Le contrôle des permissions d’accès et surtout le suivi de ces accès permet d’avoir un premier niveau d’alerte en cas de mouvements suspects, que ceux-ci soient le fait d’un employé indélicat ou d’un pirate ayant réussit à pénétrer le système. Nous avons chaque jour des preuves que cela est possible.

L’autre solution consiste à protéger les données elles-mêmes afin de les rendre inexploitables en l’état en cas de piratage.

Protéger la données elle-même : le chiffrement

Le chiffrement reste une valeur sûre pour protéger des données de manière efficace. Comme le définit Wikipedia « Le chiffrement est un procédé de cryptographie grâce auquel on souhaite rendre la compréhension d’un document impossible à toute personne qui n’a pas la clé de (dé)chiffrement. ». Le chiffrement présente donc un réel intérêt pour les entreprises qui souhaitent protéger des données telles que celles liées à leur propriété intellectuelle pour les rendre illisibles, même (et surtout) en cas de vol. Il faudrait en effet déployer des efforts considérables et utiliser un matériel sophistiqué tel qu’un supercalculateur, pour avoir une chance de déchiffrer des données chiffrées obtenues de manière frauduleuse.
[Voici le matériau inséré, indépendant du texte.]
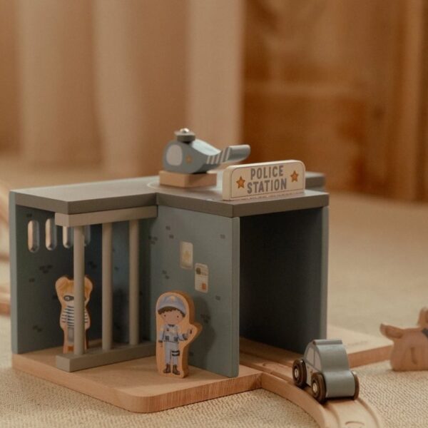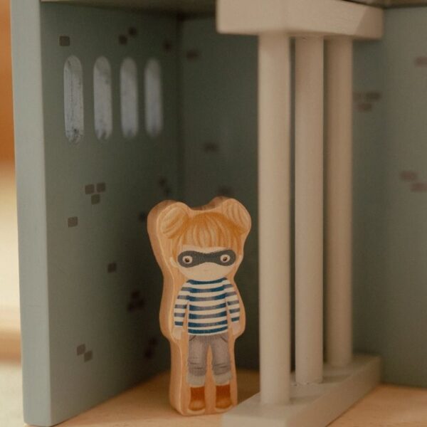 ¡Ladrón descubierto! La Comisaría de Policía – Little Dutch ofrece a los pequeños la oportunidad de vivir emocionantes aventuras mientras mantienen la ciudad segura. Este completo set de madera FSC® invita a los niños a recrear historias llenas de acción, justicia y trabajo en equipo, fomentando el juego simbólico y la imaginación.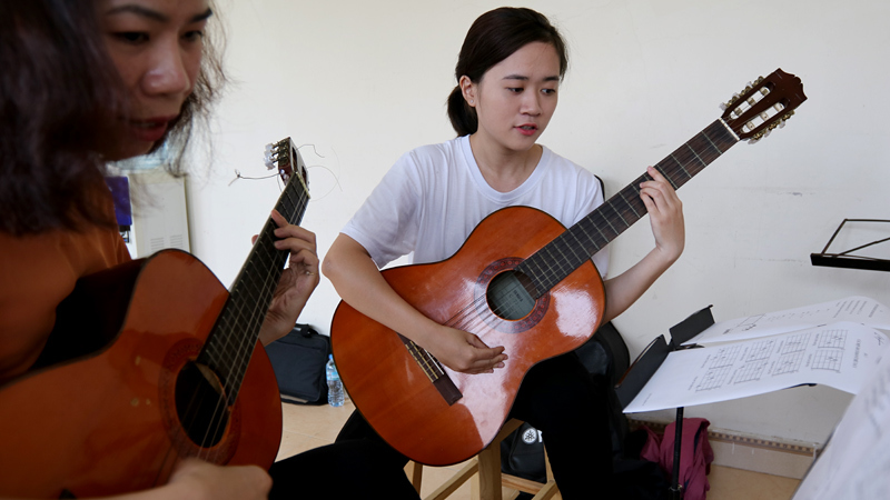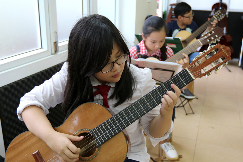 Minh Anh, (14 tuổi) nhà ở phố Đội Cấn theo học từ tháng 7/2016, đã đệm được thành thạo nhiều ca khúc, hiện nay em đang học cổ điển.

Une fois chiffrées, les données ne peuvent être lues que par les personnes ayant la clé pour pouvoir le faire et ce, où qu’elles sont stockées. Qu’elles soient sur le réseau de l’entreprise, dans le cloud, sur une clé USB ou qu’elles soient échangées par email ou tout autre moyen. Les données chiffrées resteront constamment protégées. L’entreprise sera ainsi la seule à pouvoir accéder au contenu des fichiers, garantissant ainsi leur totale sécurité.

Il convient toutefois de choisir sa solution de chiffrement avec soin. Mieux vaut éviter les solutions de chiffrement non validées ou gratuites dont la fiabilité n’est pas complètement garantie. Idéalement, une entreprise devra porter son choix vers une solution certifiée par des organismes reconnus tel que l’ANSSI (Agence nationale de la sécurité des systèmes d’information).

Ensuite, il faut que cette solution garantisse à l’entreprise, et uniquement à l’entreprise, la totale responsabilité en ce qui concerne la gestion des clés. Le chiffrement doit se faire sur votre système avec la clé conservée en interne.

Si vous décidez d’opter pour le chiffrement et que vous restez maître de vos clés, alors la sécurité de votre propriété intellectuelle sera pleinement garantie.

Dans une récente étude, l’institut Ponemon révélait que « 33 % des entreprises françaises disposent d’une stratégie de chiffrement ». On peut s’étonner que le nombre d’utilisateurs soit si faible alors que la protection des données n’a jamais été aussi importante. Mais soyons positif cela laisse une bonne marge de progression. (‎Par Xavier Dreux, Responsable Marketing chez Prim’X)

Près de 20% des entreprises industrielles ont subi un vol de propriété intellectuelle

L’étude de Kaspersky Lab auprès de 3900 entreprises classe les répondants dans 17 secteurs différents, y compris la fabrication et l’énergie. Ces deux secteurs industriels se démarquent par l’architecture de leur réseau informatique, composé de machines gérées par des logiciels hautement spécifiques.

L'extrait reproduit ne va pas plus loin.